‘kendi başımıza bir odada , bir elimizle diğer elimizi tuttuğumuzda , buna ‘el ele tutuşmak’ adını vermeyiz.. kendi başımıza bir odada , bir aynada kendi elimize doğru uzanıp camın soğukluğuyla karşılaştığımızda , buna dokunma adını vermeyiz .. aksine , bunlardan her ikisi de dokunmanın buruk bir parodisi olup üzüntü duygumuzdan , ihtiyaçlarımıza ve arzularımıza acımasızca kayıtsız kalan bir dünyada var olduğumuz duygusundan doğar ve bu duyguyu besler..
gene de , insanı yeniden dünyaya döndüren ya da dünyayı yeniden insana döndüren bir tek başına dokunma biçimi vardır elbette ve bir kez daha bunu çok büyük bir kavrayış ve incelikle keşfeden kişinin ‘proust’ olması pek şaşırtıcı değildir..
‘marcel’ üzülerek ‘aynı duygular , önceden belirlenmiş bir düzene göre , bütün insanların yüreklerinde eşzamanlı olarak ortaya çıkmıyor’u keşfettikten hemen sonra şunu anlatır : ‘bazen yalnız olmaktan duyduğum coşkuya , bu duygudan açık biçimde ayrılmakta güçlük çektiğim bir başka duygu eklenirdi : kollarım arasında sıkı sıkıya tutabileceğim bir köylü kızının gözlerimin önünde belirmesi arzusunun harekete geçirdiği bir duygu..’ marcel bu anıyı izleyerek farkına varır ki , böyle kollarının arasına almayı arzuladığı kadına bir anlamda her gün dolaştığı korular ve kırlık alanlar varlık kazandırmışsa , bir anlamda da o , bu koruların ve kırlık alanların ete kemiğe bürünmesidir , marcel’in onun aracılığıyla bütün manzaraya sahip olabileceği benzersiz bir varlıktır.. ‘çünkü o zaman’ der marcel ‘kendim olmayan her şey , yeryüzü ve onun üzerindeki mahluklar bana daha değerli , daha önemli , yetişkin insanlara göründüğünden daha gerçek bir varoluşla bezenmiş görünürdü..’ öyleyse , insan bir kadını arzularken , daha sonra ki yaşamında olduğu gibi , o kadının bize vereceği zevki düşünmez ,’ çünkü insan kendini düşünmez , yalnızca kendinden kaçmayı düşünür..’

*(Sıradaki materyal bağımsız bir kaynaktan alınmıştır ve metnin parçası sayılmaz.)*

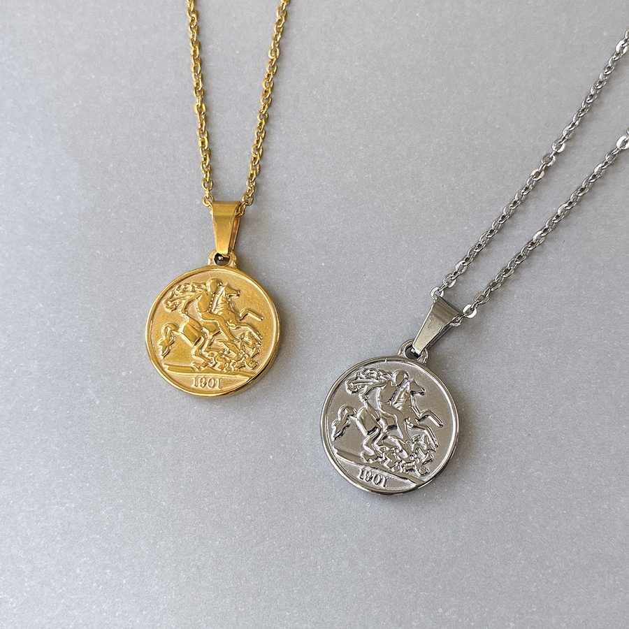 英国メダルコインステンレスネックレス ペンダントサージカルステンレス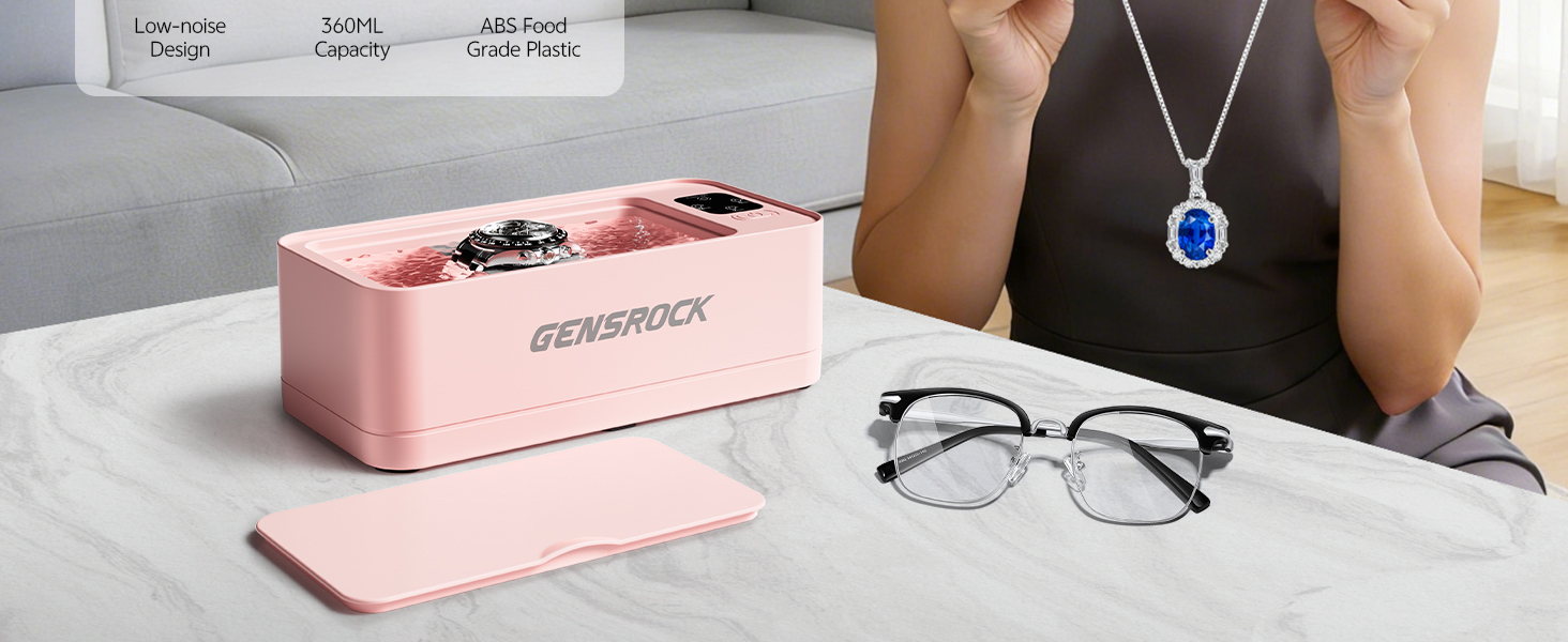 آلة تنظيف المجوهرات بالموجات فوق الصوتية من GENGROCK، منظف صوتي 48 كيلو هرتز، 3 أوضاع للتنظيف العميق، خزان طعام بسعة 360 مل، هادئ 45 ديسيبل، للمجوهرات والخواتم والذهب والفضة والنظارات وأطقم الأسنان (وردي) in Kuwait

‘bağımlılığın yalnızlığı gidermenin yollarından biri olduğunu söylemek , yanlış bir izlenim vermek olur.. bağımlılığın giderdiği şey , hücre hapsinin getirdiği duygusal yoksunluktur.. ve hücre hapsi , şu ana kadar belirttiğim gibi , dört duvarı , kilitli bir kapıyı ve bir gardiyanı gerektirmez ; yalnızca dünyayla olan doğal karşılıklılık duygumuzu yitirmemiz ve elimizden geldiğince bu yitimi gidermeyi deneyecek kadar acıyla onun bilincinde olmamız yeterlidir..
‘william burroughs’ niçin eroin bağımlısı olduğunu sorgularken , bağımlılığın can sıkıntısıyla yakından bağlantılı olduğunu kabul etmek zorunda kalır.. burjuva yaşamının ona sunduğu seçeneklerden hiçbirini ilginç bulmamış ve ‘tutunanlar’a , yaşamlarını dünyanın başarılı kabul ettiği şeye dönüştürenlere ilişkin gördükleri tam anlamıyla midesini bulandırmıştır.. bir eroinman haline gelmek , bunlardan kurtulmanın bir yolu olmuştur ve burroughs bunun aslında ne kadar büyük bir çabayı gerektirdiğini ve gerçek anlamıyla bir eroinman haline gelmenin ne kadar uzun sürdüğünü güçlü bir dille anlatır..
ne yazık ki bağımlılık da arzularımızı tamamıyla tatmin edemez ve böylece bizi dante’nin cehennem’inde yaşayanların içinde bulunduğu durumda bırakır ; ‘sürekli , umutsuz bir özlem içinde olma’ yani ‘sanza speme vivemo in disio..’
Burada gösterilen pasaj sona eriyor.